The vast majority of people never even asked for a personal assistant, because that isn’t something normal people have or do need in the first place. They aren’t so occupied/privileged/posh to need someone to do the trivial tasks of daily life for them.

This whole venue of technology is an exercise in ivory tower construction completely disconnected from ordinary people.

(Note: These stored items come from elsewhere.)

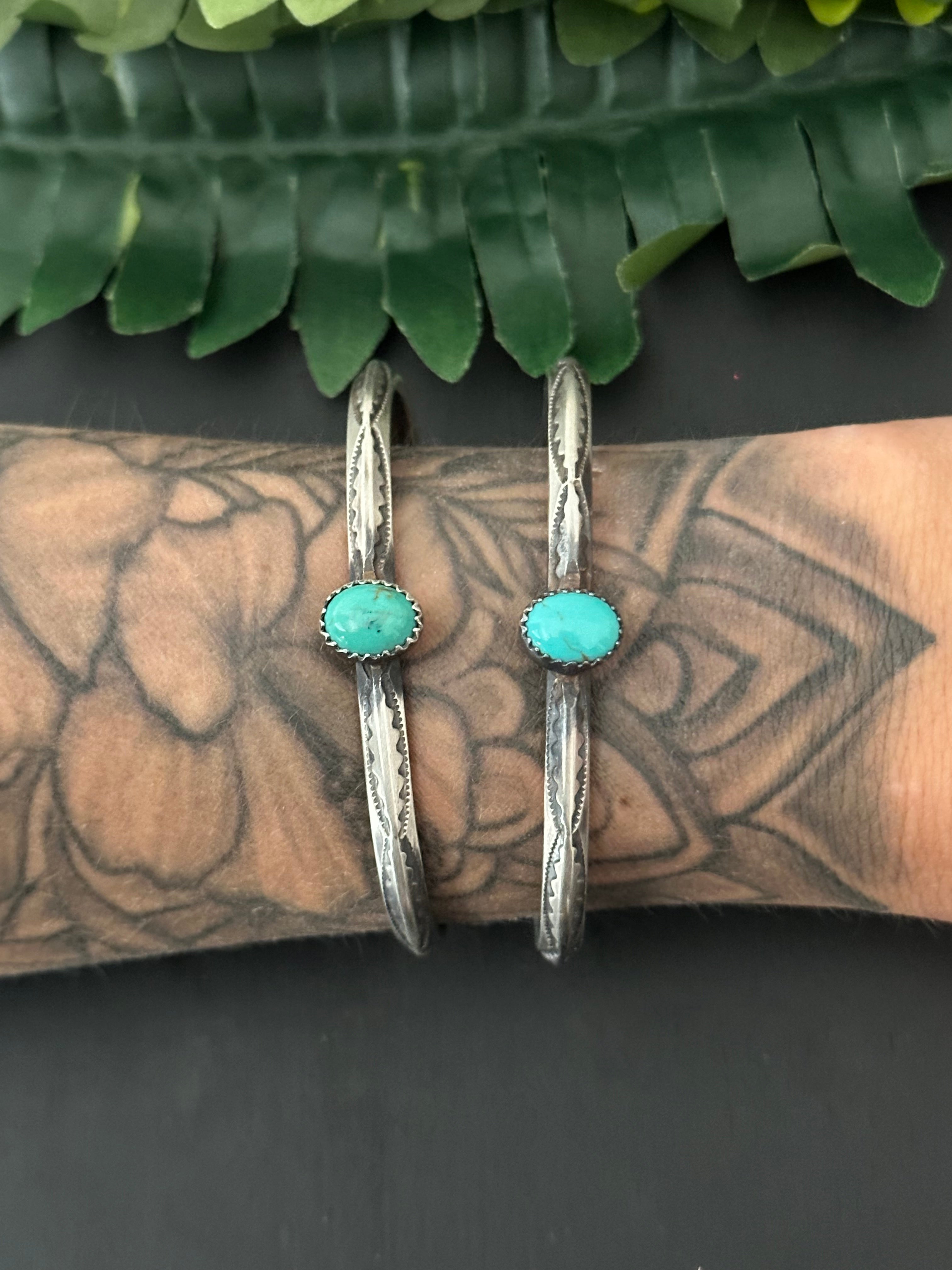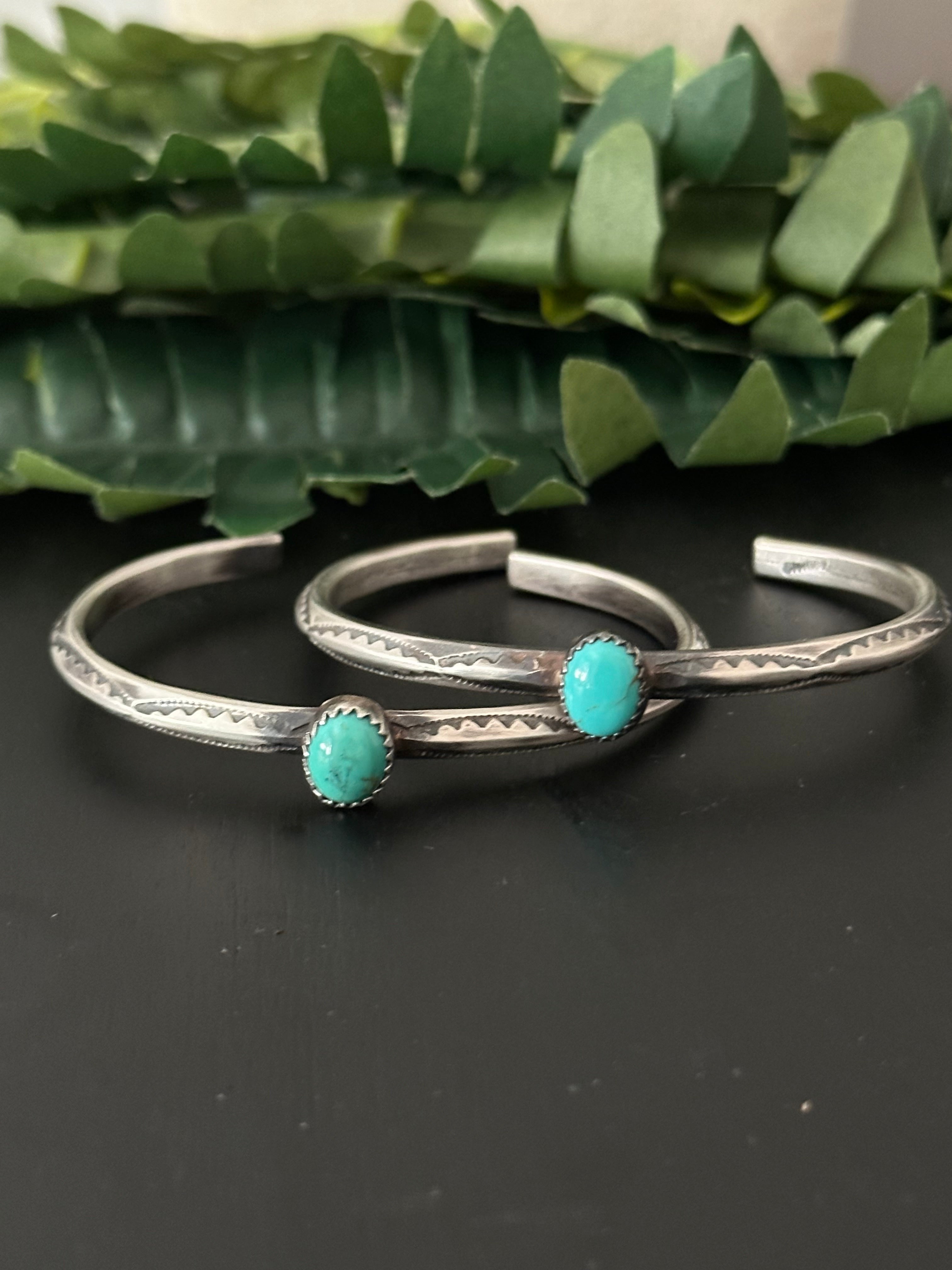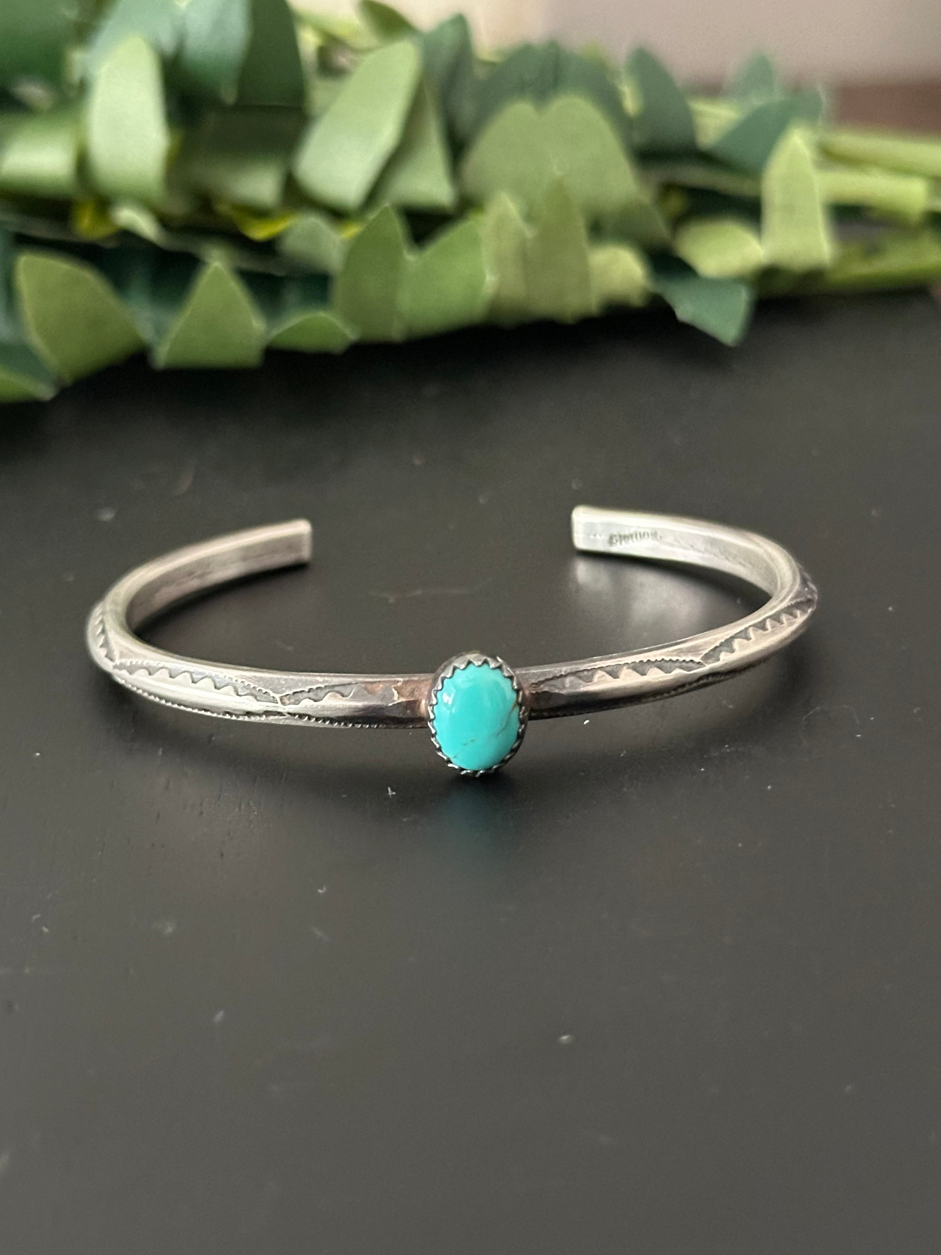 Navajo Made Kingman Turquoise & Sterling Silver Cuff Bracelet
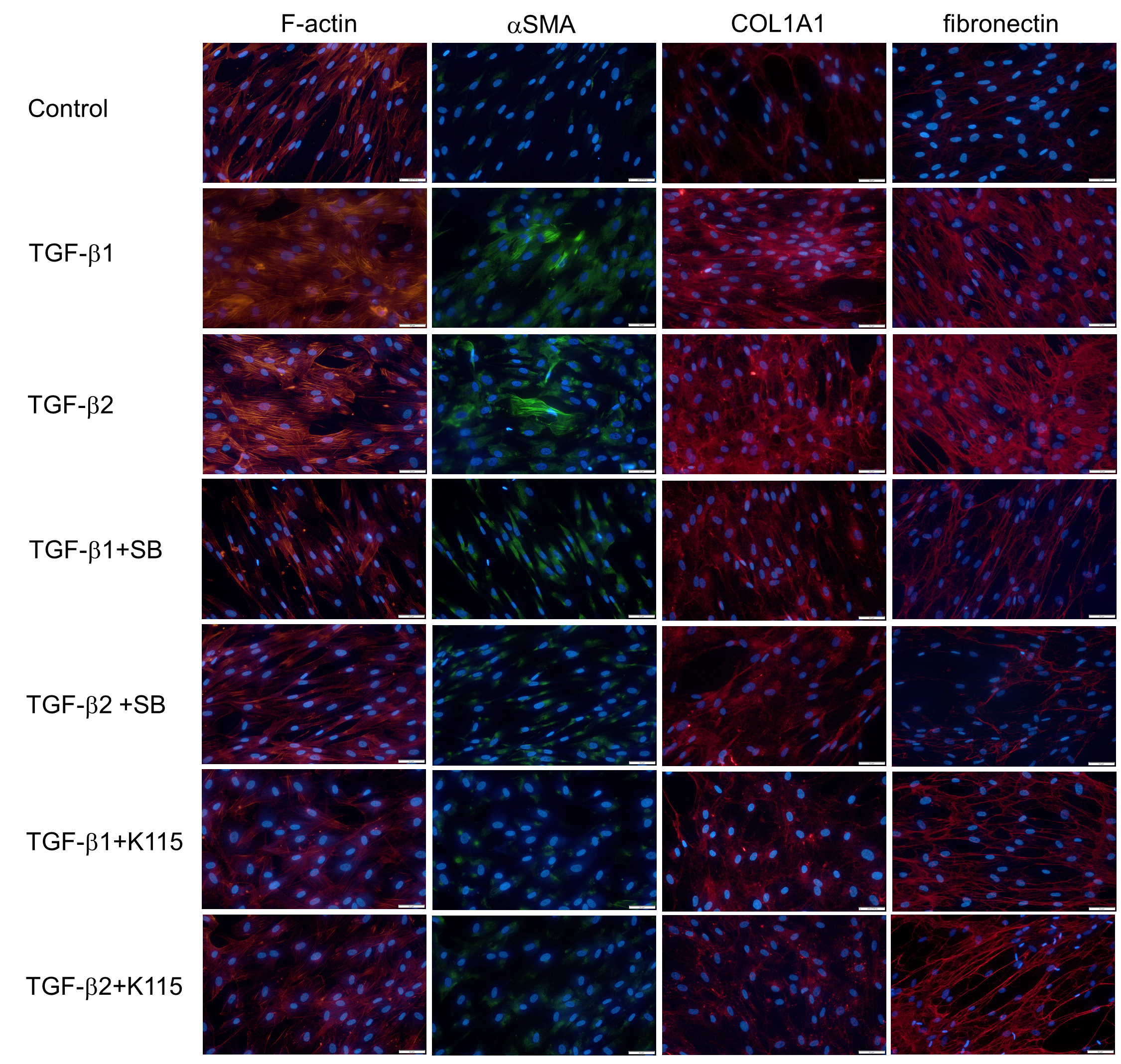 inhibitor. The panels show cells stained for F-actin (red), α-SMA (green), COL1A1 (red), and fibronectin (red) merged with
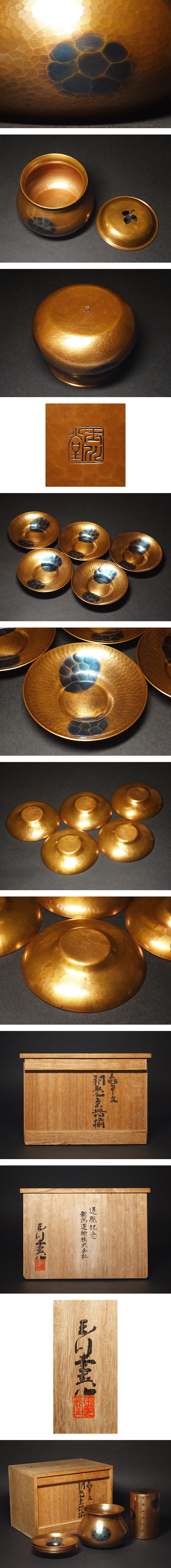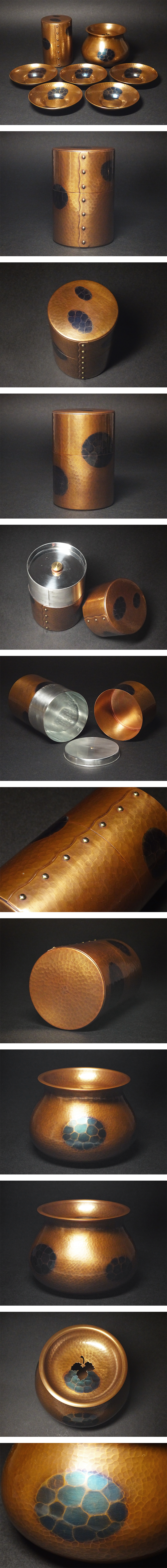 慶應◆【玉川堂】製 亀甲文銅製茶器揃 茶筒・建水・茶托 鎚起銅器 共箱 煎茶道具 收藏

Snoddas · 2026-06-09T08:55:56 1780995356

I think you are wrong.

They never asked for one becase they never imagined being able to afford one.

The amount of administration organizing a normal household takes I suspect most would be glad to leave to someon/something they trust and that can be held accountable.

Today that someone needs to be a person (imo). But who knows, a startup may be plotting accountable digital assistans as we speak.

0x1d7 · 2026-06-09T21:34:43 1781040883

I would want someone who could physically work in my house, performing the chores/daily tasks I don't want to.

I have zero use for AI. What's it going to do? Read the 3 emails about bills I get?

Certainly someone out there has a use for this functionality, but when you say "household admin tasks" the last thing I think about are /digital/ admin tasks.

djaro · 2026-06-09T09:49:16 1780998556

I think theres some real use cases in the household department. I would love an AI that I just tell my nutrition goals (I want to eat X calories, Y protein, Z fiber, hit all vitamins) and it just generates a full meal plan for me each day. Like, I go to the store and it made the complete shopping list for me. And automatically updates the rest of the day if I tell it I skipped a meal or ate a snack.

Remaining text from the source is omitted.